DIRECT=TRUE PARALLEL=TRUE loading is a pipe-dream for delta-loads. The cost of index rebuilds just gets too high unless you have a VERY agressive archiving strategy. It's great for full-rebuilds though.
If DS is serious about supporting Oracle, it needs to invest some serious money in developing partition-wise parallel loads and partition-exchange loading.
OCI Load: just don't.
Oracle Enterprise: use it! DS really needs to add before/after SQL for every load/select option, and it also needs and insert-only option. Use Upsert freely if updates are very rare, otherwise stick with splitting updates into a separate link.
Dynamic RDBMS: I wouldn't bother unless you REALLY need to store your SQL in a file (not supported by Enterprise) or you need a before/after SQL where one is not offered. Never use Upsert.

throbinson · Post by **throbinson** » Sat Oct 06, 2007 3:20 am

Extremely impressive. Thank you very much for taking the time to make this excellent post. This is very valuable information. It is much appreciated!

rleishman · Post by **rleishman** » Sun Oct 07, 2007 6:41 pm

Did some very quick 'n' nasty testing using Oracle Enterprise to perform parallel SELECT.

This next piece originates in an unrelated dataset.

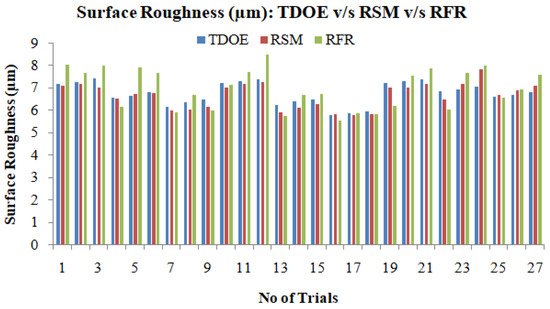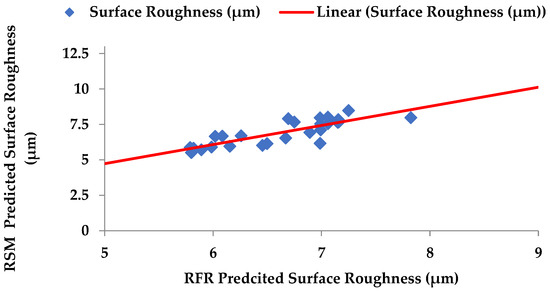 To predict and verify the surface roughness during the processing of the Ti-6Al-4V-SiCp composites, verification tests are used. Figure 14 shows the experimental results along with the results of the mathematical model and random forest regression for the surface roughness. A comparison of the experimental results with the mathematical model and RFR model results obtained for the 27 trials shows that the estimated value is accurate for all tests with an error of 1.56% with the RSM and 2.75% with the RFR estimated values, respectively. Figure 15 represents the scatter plot of the surface roughness values of the Ti-6Al-4V-SiCp composites.

Sadly my 1-proc windoze Oracle server is not really up to the task, so the results are - again - inconclusive. Once again though, some interesting things to note.

Parallel Unload with Oracle Enterprise Stage

I set up a straight unload of a partitioned table from Oracle Enterprise stage to Seq File. In parallel, it took 11+ sec to initiate and then rocketed through to complete 1M rows at an average of 50,000/sec. With the parallel unload switched off, it initiated in 1 sec and completed with an average only marginally slower. I suspect it would blow out if I threw more data at it.
Repeated the test copying the 1M rows to another database with similar results. Serial was only a bit slower. 8,000/sec vs. 6,000/sec
The way you get Oracle Enterprise to run a parallel extraction is to provide the table name of a partitioned table that appears in the SELECT statement. You would THINK (at least, I would) that DS would perform a partition-wise extraction using SELECT ... FROM tname PARTITION pname. But you (and I) would be wrong.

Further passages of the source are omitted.